Country or region: North Carolina, USA
Message: My studio can get very hot. Will temperatures of 100 degrees harm my Tinfix dyes? Did look for this on your site and could not find an answer. Thanks.
While the MSDS for Tinfix Design Silk Dye [PDF] says "Stable under normal storage condition" and "Avoid heat", I think your dyes should probably stay good at least in the short term. Tinfix dyes are one of several available brands referred to collectively as the French Silk Dyes, which seem to be mostly composed of acid dyes or basic dyes, along with various chemical solvents such as ethanol. (It's not easy to know what types of dyes are in them, because the manufacturers are extremely secretive about which dye chemicals they use.) Although reactive dyes, such as Procion MX dyes, will go bad after a couple of years and go bad more quickly when stored in a hot place, acid dyes and basic dyes, since they have no reactive group to go bad, are more resistant to heat damage and will probably stay good for many years as long as no evaporation of the solvent occurs. Even Procion MX dyes can still function well as acid dyes, when used with acid on a protein fiber, long after they have lost their reactivity and can no longer be used on cotton.
Letting the dyes get really hot, near a heater for example, could be hazardous because of the flammable solvents, but that's very different from your studio temperature around 100°F.
What's surprisingly more important than avoiding a hot studio is avoiding an extremely cold one. The MSDS for Tinfex Dye Thinner says not to store it below 10°C, that is, 50°F. I would guess that low temperatures, as long as they do not get as low as freezing, would be a problem only because most dyes are less soluble when cold than when they are at room temperature.

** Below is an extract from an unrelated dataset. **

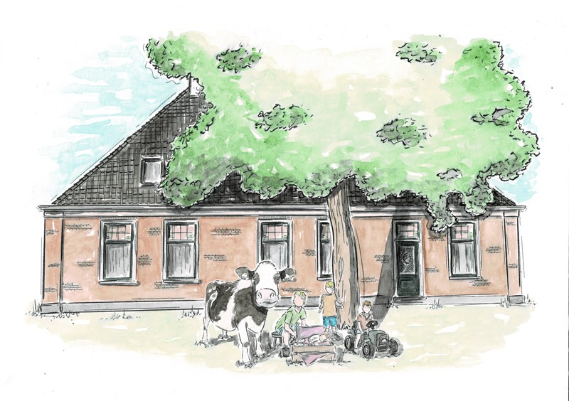 Deze boerderij tekende ik inclusief koe en kleinkinderen. Een huisdier of een persoon toevoegen aan een huisportret doe ik altijd aan de hand van foto’s. Deze illustreer ik altijd op mijn eigen abstracte manier. Alle extra’s bij een huisportret hebben een meerprijs.

It would be a good idea, whenever you have not used your dyes for a while, to do a small test from each bottle, to make sure they're still working fine. Use a small scrap of the same material that you are painting on, and steam it to fix. Problems are more likely to occur in the consistency of the dye mixture than in how well it steams.

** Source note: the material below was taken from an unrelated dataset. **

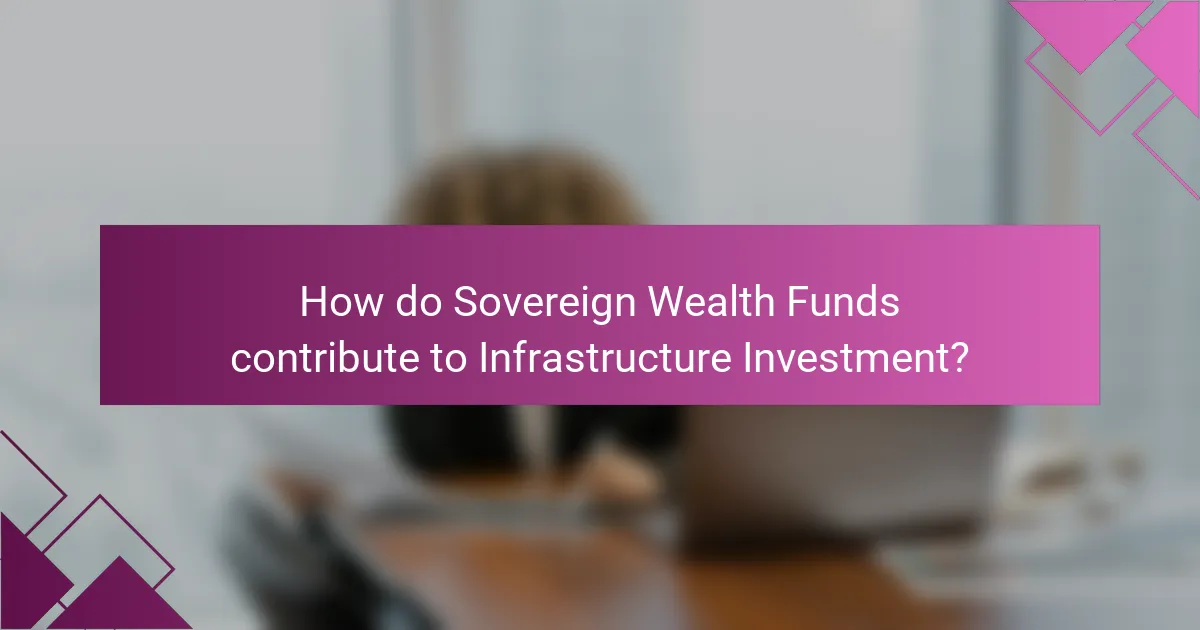 Sovereign Wealth Funds (SWFs) contribute to infrastructure investment by providing substantial capital for large-scale projects. They invest in various sectors, including transportation, energy, and utilities. SWFs often target long-term returns, aligning with the lengthy timelines of infrastructure projects. This investment helps bridge funding gaps in public infrastructure. For instance, according to the International Monetary Fund, SWFs manage over $10 trillion in assets globally. Their investments can enhance economic growth by improving public services and creating jobs. Additionally, SWFs often partner with private investors to leverage expertise and share risks. This collaboration can lead to more efficient project execution and better outcomes for local economies.

Always be careful to keep all French silk dyes, and everything you have painted with them, out of direct sunlight, and store them in the dark whenever possible. They are noted for being susceptible to light damage, probably because some of them contain basic dyes (also known as cationic dyes). Basic dyes are notoriously poorly lightfast, and can lose their brightness quickly when exposed to bright light. This is true not only of ultraviolet light, but also of ordinary visible light.